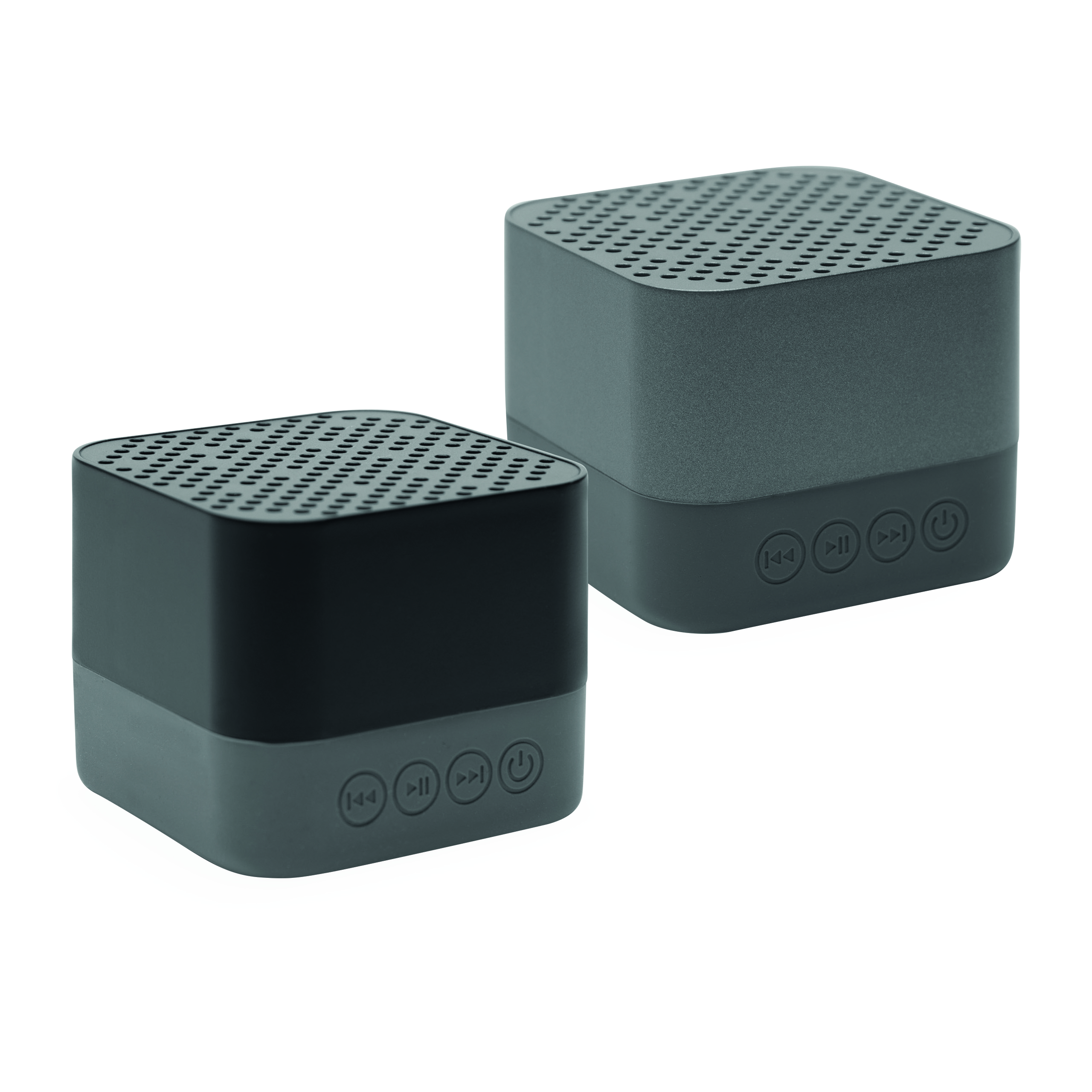 Głośnik bezprzewodowy CUBIC z wyjściem muzycznym 3 W. Do parowania z telefonem komórkowym, odtwarzaczem MP3 lub tabletem. Maksymalny zasięg ok. 10 m. Mocny akumulator o pojemności 400 mAh. Posiada kabel ładujący USB z Micro-USB i złączem line-in (3,5 mm gniazdo audio jack). Czas pracy ok. 2 godz., czas ładowania ok. 1,5 godz. Gniazdo kart Micro-SD, z funkcją AUX-IN, z funkcją radio FM.
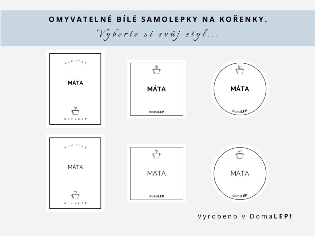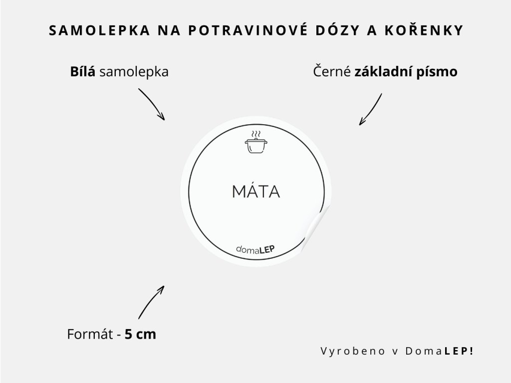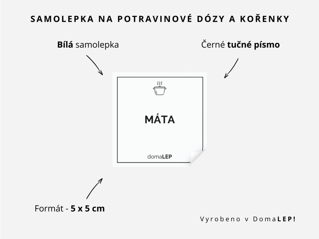 - Univerzální použití: Naše samolepky jsou vhodné na plastové, skleněné, keramické nebo nerezové nádoby. Díky hladkému povrchu se snadno aplikují a pevně drží na svém místě.
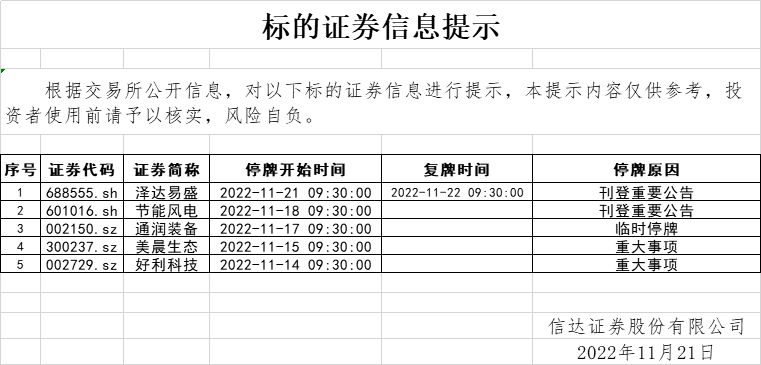 标的证券信息提示(2022-11-21)
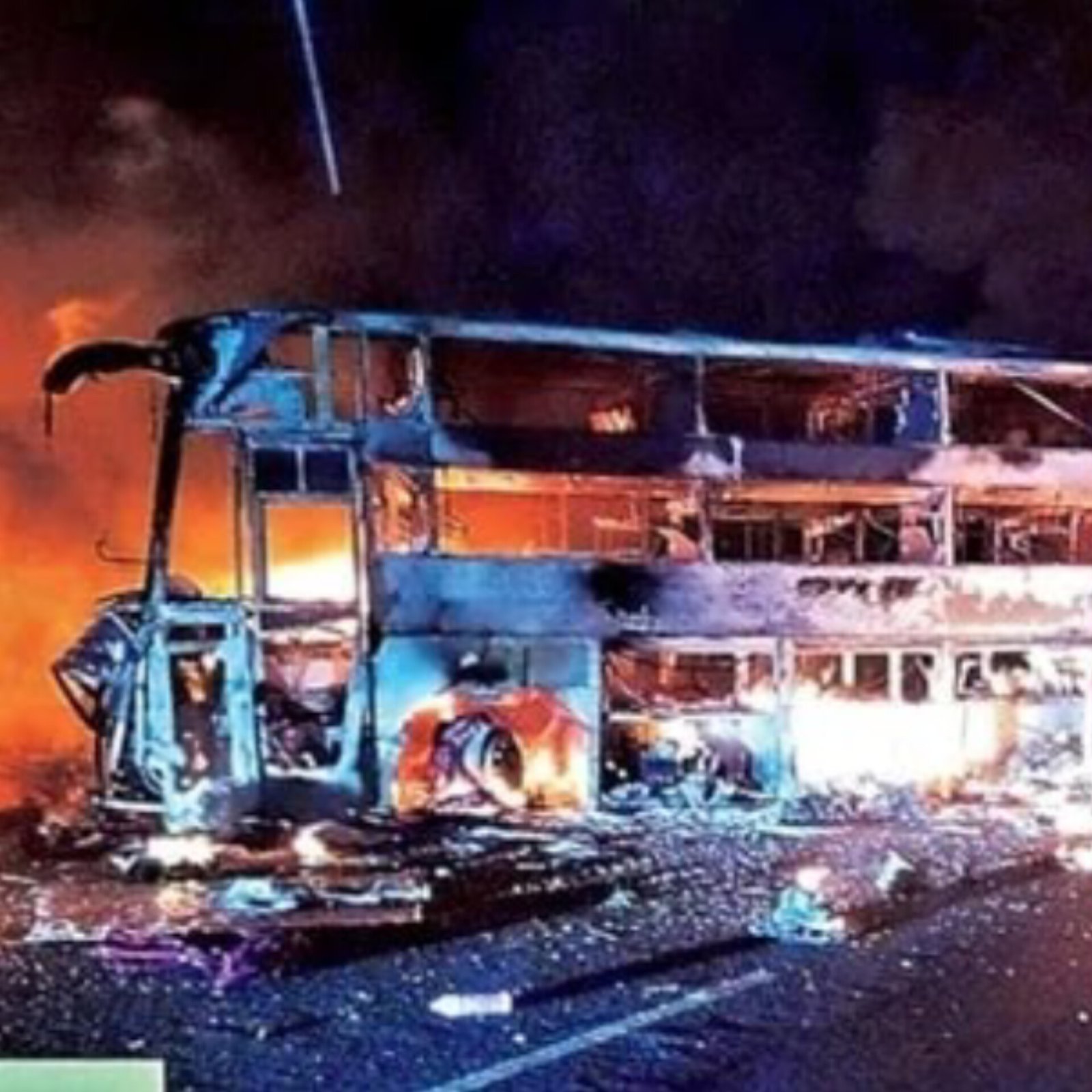 In the early hours of Thursday, a private bus travelling from Nellore to Hyderabad suffered a tyre burst, lost control, jumped the median and collided head-on with an oncoming container truck near Shirivellametta in Nandyal district of Andhra Pradesh. The impact caused a massive fire that engulfed both vehicles, killing the bus driver, the truck driver, and the truck cleaner, all charred beyond recognition. About 36 passengers were on board; several were injured, with more than 10 sustaining burn or jump-related injuries and taken to Nandyal Government Hospital. A passing DCM driver broke windows to help passengers escape safely. Police have registered a case and launched an investigation. (PC: HT)
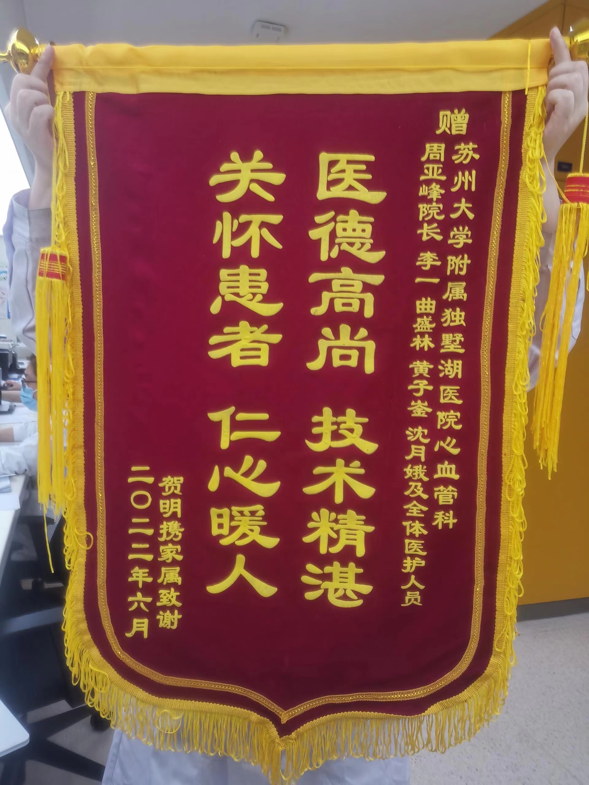 患者贺先生及家属赠送锦旗感谢我院心内科周亚峰副院长、李一、曲盛林、黄子鉴医生、沈月娥护士及全体医护
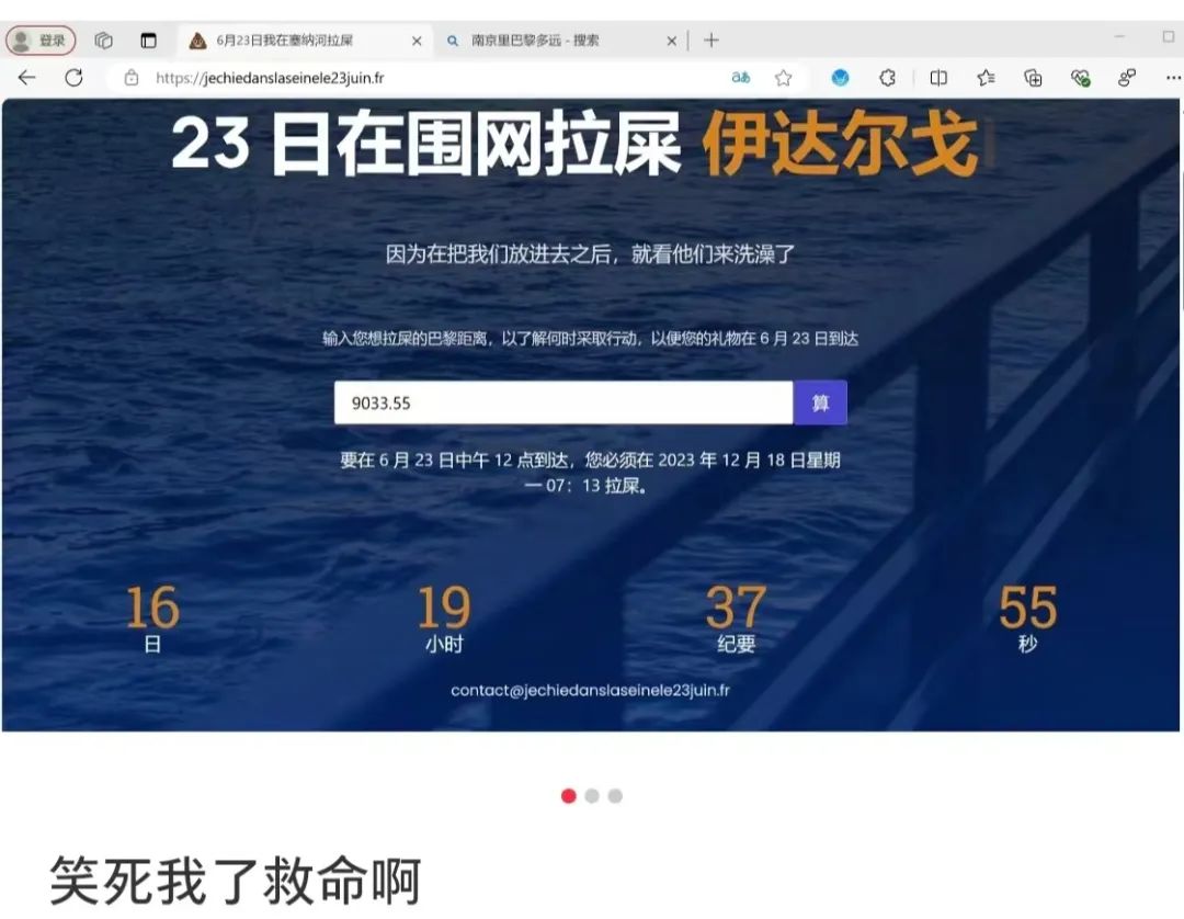 还专门建立了一个网站,输入距离,你就可以知道你的便便什么时候到达巴黎,便于不在巴黎的法国人计算时间拉屎,好让它们在6月23日(法国总统马克龙和巴黎市长原定一起畅游塞纳河的日子)准时抵达塞纳河。
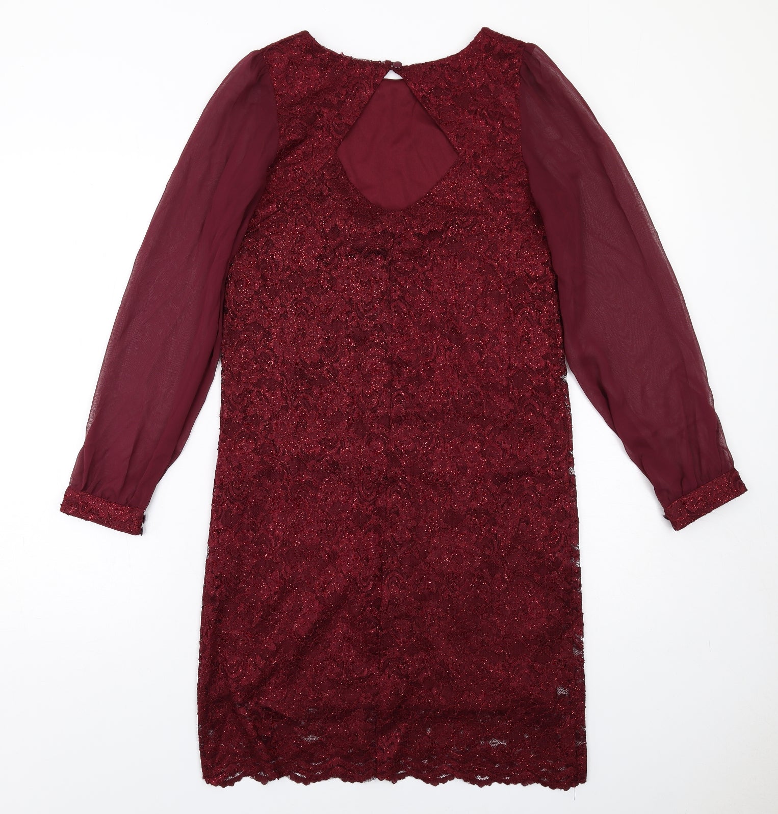 Dorothy Perkins Womens Red Polyester Shift Size 8 Round Neck Button
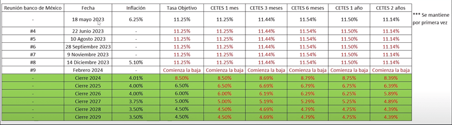 Luego, viene la tasa objetivo, para el cierre del 2024 se estima en 8.50%, ya la tasa bajó del 11% al 8.5%.
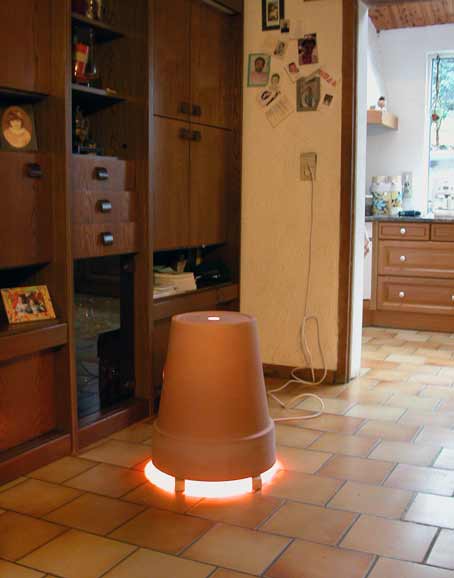 Le trou d’évacuation d’eau permet une sortie de l’air chaud sans danger puisque vers le haut, cet air chaud réchauffe également la paroi du pot en terre cuite.
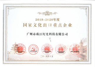廣州市珠江燈光科技有限公司榮獲“2019-2020年度文化重點出口企業”稱號
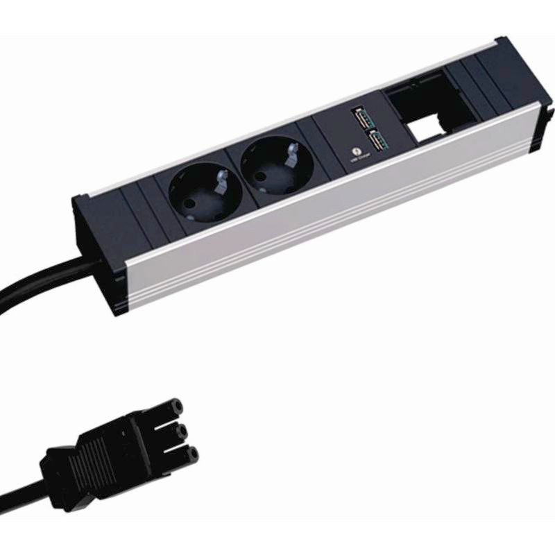 CONI powerstrip 4 mod. 2xSCHUKO 1xUSB CHARGER A/A 1xMOD VIDE 0,2m GST18

◆ **INSTRUCTIONS TO FOLLOW**
Exclude all images and retype the data precisely.

◆ **EXERCISE OUTPUT**
 Głośnik bezprzewodowy CUBIC z wyjściem muzycznym 3 W. Do parowania z telefonem komórkowym, odtwarzaczem MP3 lub tabletem. Maksymalny zasięg ok. 10 m. Mocny akumulator o pojemności 400 mAh. Posiada kabel ładujący USB z Micro-USB i złączem line-in (3,5 mm gniazdo audio jack). Czas pracy ok. 2 godz., czas ładowania ok. 1,5 godz. Gniazdo kart Micro-SD, z funkcją AUX-IN, z funkcją radio FM.
 - Univerzální použití: Naše samolepky jsou vhodné na plastové, skleněné, keramické nebo nerezové nádoby. Díky hladkému povrchu se snadno aplikují a pevně drží na svém místě.
 标的证券信息提示(2022-11-21)
 In the early hours of Thursday, a private bus travelling from Nellore to Hyderabad suffered a tyre burst, lost control, jumped the median and collided head-on with an oncoming container truck near Shirivellametta in Nandyal district of Andhra Pradesh. The impact caused a massive fire that engulfed both vehicles, killing the bus driver, the truck driver, and the truck cleaner, all charred beyond recognition. About 36 passengers were on board; several were injured, with more than 10 sustaining burn or jump-related injuries and taken to Nandyal Government Hospital. A passing DCM driver broke windows to help passengers escape safely. Police have registered a case and launched an investigation. (PC: HT)
 患者贺先生及家属赠送锦旗感谢我院心内科周亚峰副院长、李一、曲盛林、黄子鉴医生、沈月娥护士及全体医护
 还专门建立了一个网站,输入距离,你就可以知道你的便便什么时候到达巴黎,便于不在巴黎的法国人计算时间拉屎,好让它们在6月23日(法国总统马克龙和巴黎市长原定一起畅游塞纳河的日子)准时抵达塞纳河。
 Dorothy Perkins Womens Red Polyester Shift Size 8 Round Neck Button
 Luego, viene la tasa objetivo, para el cierre del 2024 se estima en 8.50%, ya la tasa bajó del 11% al 8.5%.
 Le trou d’évacuation d’eau permet une sortie de l’air chaud sans danger puisque vers le haut, cet air chaud réchauffe également la paroi du pot en terre cuite.
廣州市珠江燈光科技有限公司榮獲“2019-2020年度文化重點出口企業”稱號
 CONI powerstrip 4 mod. 2xSCHUKO 1xUSB CHARGER A/A 1xMOD VIDE 0,2m GST18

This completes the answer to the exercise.